Some student leaders seemed to take in stride the vote by the Oklahoma Regents for Higher Education last week to raise tuition rates and mandatory fees for resident students by an average of 8.6 percent.
It was the fifth year in a row that tuition had been raised since the Legislature, which used to set college rates, turned that sole authority over to the state regents.
The tuition and fee increases were 10 percent or more at two schools and 9 percent or more at nine others, including the state's two comprehensive universities the University of Oklahoma and Oklahoma State University.
Next year, the cost for 30 credit hours will be $14,915 at OSU and $14,721 at OU.
Jordon McGee of Edmond, chairman of the University of Oklahoma Student Association Student Congress, said OU President David Boren had done a good job of explaining the need for the increases.
"I know that the university is being put in a tough situation with costs rising pretty much everywhere," he said.
Olaf Standley of Northeastern State University attended the meeting when state regents, with no discussion, approved tuition and fee schedules approved earlier by boards governing 25 colleges and universities across the state.

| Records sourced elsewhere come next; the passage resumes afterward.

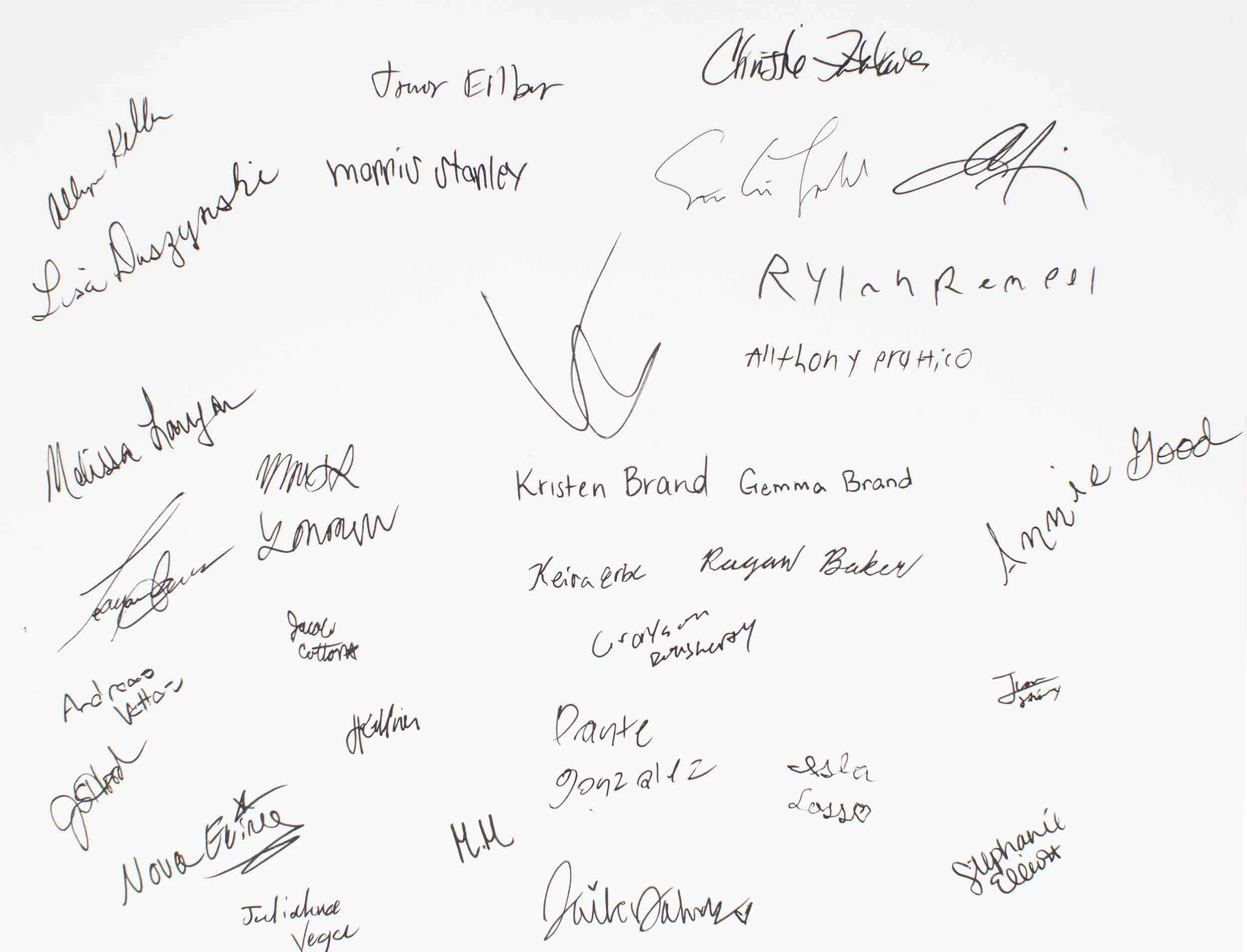 Signature Plate bearing the names of 31 participants of the National Scrollathon in Maryland, 2026. Archival paper, ink, 8 1/2 x 11 in.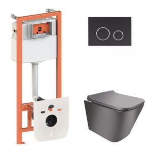 Набор Qtap инсталляция 3 в 1 Nest QT0133M425 с панелью смыва круглой QT0111M11V1146MB + унитаз с сиденьем Tern QT1733052ERMB представляет собой удобное решение для современного санузла. Он комплектуется унитазом, сиденьем, установочной рамой, панелью смыва, звукоизоляционной прокладкой. Благодаря застенному монтажу инсталляции и подвесной конструкции унитаза этот комплект сделает Ваши гигиенические процедуры более комфортными, а уборка не доставит лишних хлопот.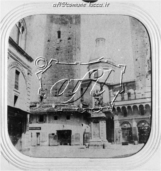 [Bologna : piazza di Porta Ravegnana : la statua di San Petronio e la porzione inferiore della Torre Garisenda prima delle modifiche di fine '800 (EFP 179)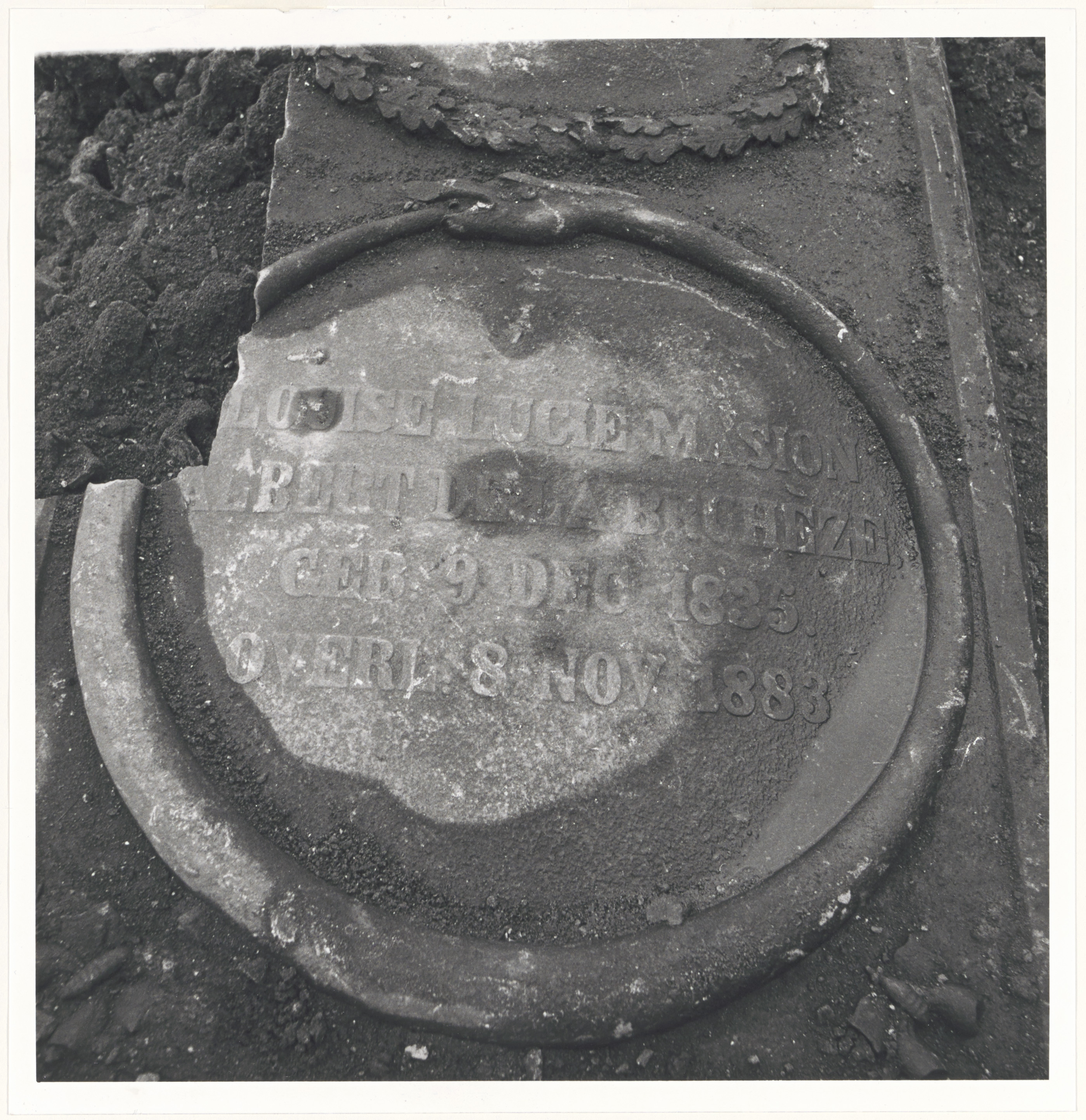 - Een grafsteen, gevonden op het terrein van de in 1989 gesloopte pontonnierskazerne aan de Buiten Walevest, met de tekst: 'Louise Lucie Maison/ Albert de la Bruhèze./geb. 9 dec. 1835/overl. 8 nov. 1883'. Zij werd geboren te Baarle-Nassau en overleed te Dordrecht. Zij was gehuwd met Maximiliaan Joseph Maison, agent buitenlandse huizen.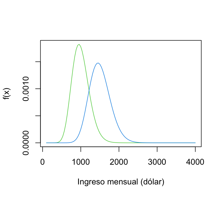 Densidad de la variable ingreso mensual por persona: Línea verde (país A), línea azaul (país B)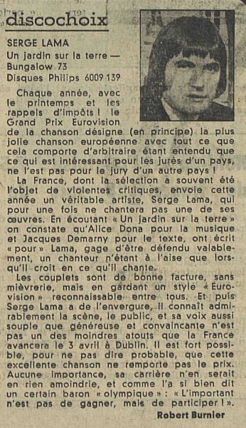 Seule chanson dont Serge Lama n'a pas écrit les paroles car pour participer à l'eurovision le règlement de l'époque interdisait d'en être l'auteur.

"Tuition is going to have to go up, especially since we haven't received enough money from the Legislature," said Standley, a member of a student advisory board to the state regents.
"I've never been in college when there wasn't a tuition increase," said McGee, a senior English major at OU.
Sen. Joe Sweeden, D-Pawhuska, said tuition increases were not automatic when lawmakers had control, however, and when citizens and students seemed to rise up more in opposition to raising the cost of going to college.